Executives see major sporting events as natural catalysts for further adoption. Development plans are geared toward the 2026 FIFA World Cup and the start of the 2026/27 NFL season, two tentpole moments that could bring new users into the product.
Rival DraftKings is also working with CME on its own prediction markets offering. The parallel moves reiterate how seriously the leading US operators are taking this category. What started as a niche corner of the market now looks like an emerging competitive front.
Flutter’s general thesis rests on expansion rather than substitution. The company describes prediction markets as “TAM expansive” or “Total Addressable Market expansive,” arguing that they open the door to customers who cannot legally access traditional online sportsbooks. Roughly 40 % of the US population lives in states without regulated online sports betting, and Flutter believes event contracts could reach some of those consumers. It also sees potential to attract new sports and entertainment-first customers who may not have engaged with a sportsbook before.
Beyond distribution, Flutter thinks it has an operational edge. The company says it is “uniquely positioned to price complex, correlated markets in real time,” and has signaled interest in using its proprietary models to provide market making services, which would extend its expertise in odds setting into a new but related arena.
Flutter Entertainment’s financial pressures and the 2026 roadmap
The prediction markets push is unfolding against a more complicated financial backdrop.

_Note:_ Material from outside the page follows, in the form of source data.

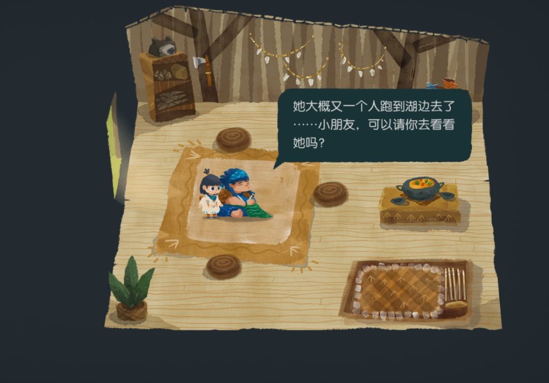 举个例子吧:我们在小岛上的第一个任务是寻找去湖边散心的女孩,她妈妈告诉我们女孩一个人跑去湖边了。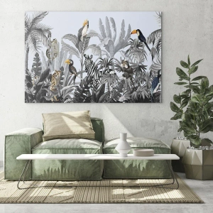 "Eksotiske dyr i en sort-hvid jungle på en lys baggrund" er et ekstraordinært maleri, der kombinerer den sort-hvide stil af tropisk vegetation med farverige accenter af eksotiske dyr. I forgrunden kan man se papegøjer, tukaner, en leopard, en zebra og aber, der bringer liv og farve til den neutrale baggrund. Blade fra palmer og tropiske planter er vist i grå nuancer, hvilket gør de farverige elementer iøjnefaldende og bliver fokuspunktet...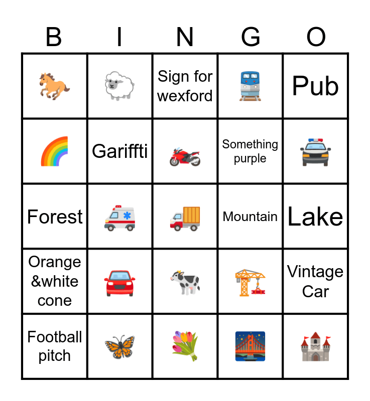 This bingo card has a free space and 24 words: 🚘, 🦋, 🏍, Football pitch, Pub, 🐎, 🌈, 🐑, Mountain, 🐄, Something purple, Forest, 🏗, Vintage Car, Gariffti, 🌉, Lake, Sign for wexford, 🚔, 🚑, 🏰, Orange &white cone, 🚆 and 💐.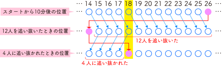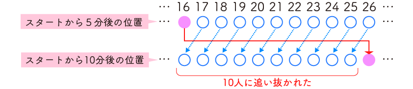 (2) スタートから5分後には16番目を走っていたので、26−16=10 より、10人に追い抜かれました。

Bank of America analysts recently downgraded both DraftKings and Flutter, citing prediction markets among several headwinds. The bank lowered Flutter’s price target from $325 to $250, arguing that even if cannibalization remains limited, the added competition and margin volatility could weigh on the sector.
At the same time, operators are contending with shifting tax regimes and uneven sportsbook margins in key states. This has made investors more sensitive to any new initiative that requires heavy upfront spending.
Flutter has also been reshaping parts of its organization. Around 250 roles are being eliminated in Leeds in the UK as the company consolidates technology platforms and adjusts to regulatory and cost pressures in Europe. Earlier quarterly results showed revenue growth but also included a sizable net loss in the third quarter of 2025, driven in part by impairments and market access costs.
Against that backdrop, management is asking shareholders to focus on the long game. For 2026, the company signaled that guidance assumes adjusted EBITDA investment near the top of the previously outlined $200 million to $300 million range. It also indicated that customer engagement from prediction markets is likely to skew toward the back half of the year.
The message from the top is: “Our priority is to build value for the future, while also maintaining the flexibility to accelerate investment. We believe this will position FanDuel to deliver future growth and harness the long-term opportunities for our business.” For now, Flutter is betting that patience will pay off.